You unknowingly transfer the responsibility to your superior and if he does not take it, you simply block. You cannot do this unless you are explicitly told “yes”. And the idea remains just an idea.

There was a catchphrase: “It’s easier to get forgiveness than permission.” Good leaders know this because they have freedom of thought and action. They are not waiting for an official blessing, they are acting. If you are constantly looking for someone’s approval, you often censor your ideas and may not even realize that you have them.

However, the more you try, the greater the chance of success. This does not mean acting recklessly but simply learning from your experiences. It is not only the one who does not act who is wrong.

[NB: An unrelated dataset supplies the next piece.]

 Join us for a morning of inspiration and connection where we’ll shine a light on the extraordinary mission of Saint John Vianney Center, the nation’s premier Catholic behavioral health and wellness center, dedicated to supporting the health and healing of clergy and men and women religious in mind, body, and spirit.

The ideas of successful leaders are often very good and their realization pays dividends not for anything else, but because having good ideas depends on your freedom of thought. If you ask enough people for permission, you will inevitably face someone who believes that their job is to say no.

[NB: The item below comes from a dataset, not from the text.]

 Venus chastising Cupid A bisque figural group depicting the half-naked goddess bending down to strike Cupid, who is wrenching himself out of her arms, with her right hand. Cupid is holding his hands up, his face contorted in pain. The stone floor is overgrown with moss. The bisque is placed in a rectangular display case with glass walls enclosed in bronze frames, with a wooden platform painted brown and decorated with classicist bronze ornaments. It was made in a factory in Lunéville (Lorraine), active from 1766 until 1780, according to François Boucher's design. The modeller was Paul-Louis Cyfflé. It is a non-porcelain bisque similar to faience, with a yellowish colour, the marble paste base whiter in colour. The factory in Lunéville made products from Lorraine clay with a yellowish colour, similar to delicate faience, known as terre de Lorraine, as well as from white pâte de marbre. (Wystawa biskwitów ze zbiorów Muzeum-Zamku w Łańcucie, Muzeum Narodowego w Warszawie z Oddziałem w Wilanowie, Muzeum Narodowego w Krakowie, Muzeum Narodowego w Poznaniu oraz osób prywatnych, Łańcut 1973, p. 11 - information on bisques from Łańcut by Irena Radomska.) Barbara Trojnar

The only way to grow is to make your ideas come true, so if you don’t, you’re just stuck in one place. And any system that does not develop degrades. That is why good leaders share the view that if it is not explicitly forbidden, then it is allowed.

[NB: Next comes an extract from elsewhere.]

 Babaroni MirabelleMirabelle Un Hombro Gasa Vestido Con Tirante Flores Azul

The leader’s attitude to change

There is a “tested” truth in football: “Don’t make changes in a team that wins.” And it often happens that long after the team has stopped winning, the right shifts are sought. This is the case in any routine activity: if you do something well, there is no point in trying to change it. Reference: “Basic theories of leadership and management”, https://projectmanagement.jdevcloud.com/basic-theories-of-leadership-and-management/

One tends to “fall asleep” in the way one does things because one feels comfortable and safe. However, blindly following a certain model of work creates static thought and action. In the frantic pace of today’s economic realities, routinization often leads to failure, even in large and powerful organizations.

That is why every business needs a positive attitude towards constant changes. Many of the modern professions and job descriptions did not exist twenty years ago, even as ideas. And, certainly, they will not exist in twenty years. Reference: “The Manager and the Leader as sources of motivation”, https://projectmanagement.freesite.host/the-manager-and-the-leader-as-sources-of-motivation/

We live in a time of boiling creation, in which stereotypes age with the speed of light. Quite often the fast marketing of a product is more important than the total quality. The correct answer to this is to “scrap” activities before someone else “scraps” them.

Good leaders create a climate in which employees’ merits are determined by their desire and ability to learn new things, master new skills, and take on new responsibilities, without constantly reinventing their work. Because both the routine of a model and the constant transition from fashion to fashion do not do much work.

The manager is the person who provides his people with the “middle way”, he makes sure that the “strap” is not too tight, but also wants not to loosen it too much. It is he who assesses whether in a given situation there is time for democratic discussion or whether there is a need for an authoritarian order. He respects his deep firm values but follows them flexibly. He lives on the brink of change and he creates change. Reference: “Manager vs leader: similarities and differences”, https://pm.mba/posts/manager-vs-leader/

This means having an alert mind to get up in the morning with the clear idea that you can change something and make the business better. To accept change as the natural state of things and not unconsciously try to stop it. And to ask your people not how well they are doing their job, but how much they have changed it to do it better.